Rhian Sheehan A QUIET DIVIDE

Theatre Royal, 78 Rutherford Street, Nelson

20/10/2018 - 21/10/2018

Nelson Arts Festival 2018

Production Details

Transforming the Theatre Royal into a sublime sound and light venue, composer Rhian Sheehan delivers a truly emotive and immersive audio-visual show, showcasing his brand new album A Quiet Divide, as well as work from his previous acclaimed albums.

Featuring a full band, a local string section and a dream-like montage of captivating visuals, time-lapse, portraits, animations, landscapes and starscapes, Rhian Sheehan creates a breath-taking son et lumière.

Originally from Nelson, Sheehan’s award-winning compositions have featured on screens around the world, including the BBC, Netflix, HBO, the US Super Bowl and The Academy Awards, while his albums have amassed over 30 million streams on Spotify alone.

“…a stunning show.”SIMON SWEETMAN

“… a ‘wish you were there’ moment, where the audience is so mesmerised you could hear a pin drop.”★★★★★ SUNDAY STAR TIMES

WINNER – Best Soundrack, Fiske Fulldome Film Festival (2015)

WINNER – Best Original Score, Qantas Film & Television Awards (2010)

New album A Quiet Divide out October 5. Pre-order the limited edition 2 LP 180 gram white vinyl now from LOOP.

Sat 20 & Sun 21 October 2018
FULL $49 | UNDER 19 $25
SENIOR $44 | GROUP OF 6+ $44pp
Plus TicketDirect Service Fee

Theatre , Spectacle , Music ,

1 hr 55 min

An ever-lasting gob-stopper

Review by Daniel Allan 21st Oct 2018

Kudos to the Nelson Arts Festival programmers for pinning down the enigmatic Rhian Sheehan for a rare and overdue homecoming as part of this year’s festival.
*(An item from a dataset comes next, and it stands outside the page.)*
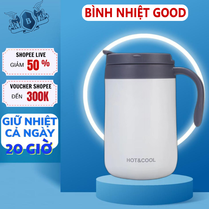Ca Cốc Giữ Nhiệt Văn Phòng TBNGOOD Có Tay Cầm Tiện Ích 350ml Siêu Giữ Nhiệt Inox 304

The prodigious composer and multi-instrumentalist pulls out all the stops for this generous and mesmerising concert, which features thirteen musicians (at this reviewer’s count) on stage, as well as three technical operators and numerous other production helpers, including the might of Weta Digital. The enraptured crowd certainly gets value for money.

Three floor-to-ceiling gauzes provide the fore-drop for a continuous programme of projected visuals, tailored for each track. Behind them a group of locally sourced string players assemble and tune, and without fanfare – or even introduction – the unassuming Mr Sheehan takes his place, initially behind some heavily affected guitar, for the first track of the evening. Before our eyes, and quite arrestingly, the three gauzes become three Escher patterns of communism-red triangles, morphing and cascading to the stimulus of the highly engineered sounds.
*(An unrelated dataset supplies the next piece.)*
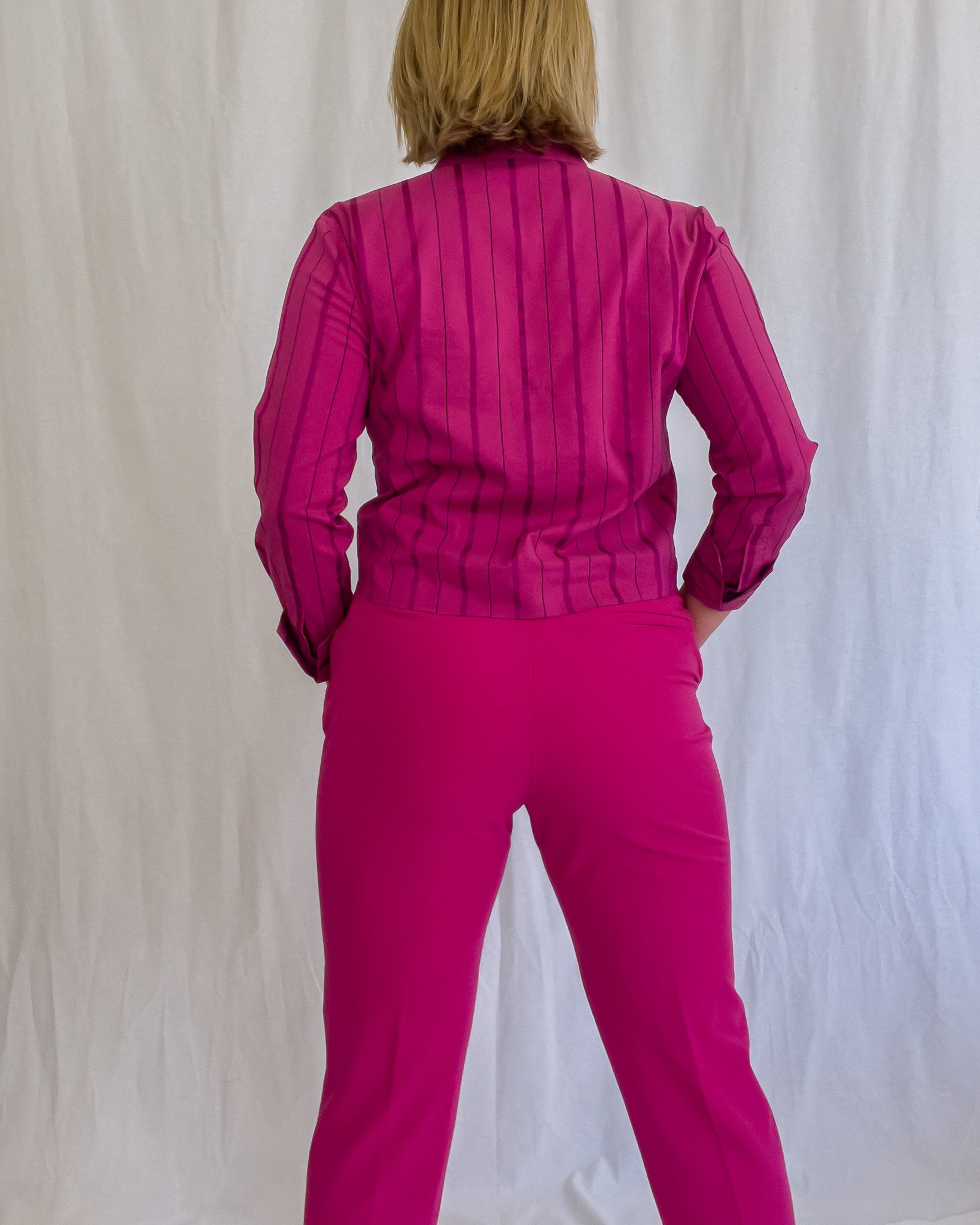 Fuchsia button-up long sleeve dress shirt with alternating pink stripes. This shirt is shorter than most dress shirt styles.

On they creep, pianists, bassists, drummers, and synth-masters, until there are enough musos for a benefit concert beyond the proscenium’s laser-lit arch. Track two engulfes us with a Michael Nyman-esque piece, and pointillist abstractions on the screens evolve into human figures in movement. In the third, a pair of dancers appears in thrall to a beautifully lilting melody.
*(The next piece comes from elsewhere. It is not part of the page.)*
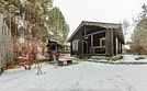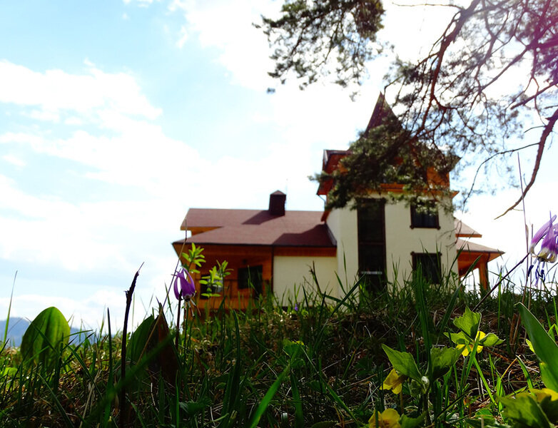 Летний деревянный домик на склоне холма с выходом на просторную террасу.

Then it kicks up a gear as the drum-kit gets involved for the trip-hoppy track Soma Dreams. A humpback whale crosses paths with a water nymph and her playful school of fish in some simply stunning animations. Other highlights include a Blade Runner-style techno track with throbbing oblongs of colour, and a rock-infused moonrise.

Sheehan references many influences and styles within his music but it is all of a certain mode: non-lyrical, soaring, swelling and graceful. At its best it could be a soundtrack that transforms the emotional climax of a film into an ugly-cry on the couch. Too many middling moments and it starts to sound like the stuff you’re half aware of as your international flight lands.

They start and finish but many tracks feel like only half a song, and lack shape. Without sign-posting in the way of a programme, titles or patter, the audience are often unsure when to clap. On it goes, perhaps a bit too long.

When the second half commences with the anguish of oil fires it feels like we might soon have to fetch our overhead luggage but it finds its groove again. As the beats get more dancey, a lone raver in Row E starts to cut some shapes with her arms, creating some extra spectacle for those behind her.

Musically, the concert ends both halves with highlights in the form of soaring, percussion heavy all-ins. At the conclusion, Sheehan finally strings a sentence or two together to thank his amazing team and there is a robust – if not quite uniformly standing – ovation.

The uncharitable might describe it as ‘elevator music’ but if so then this concert is Willy Wonka’s great glass elevator, smashing through the ceiling. It is slick and skilful sonic engineering. Mr Sheehan has bought Nelson back an ever-lasting gob-stopper tonight, and for that he deserves our utmost respect.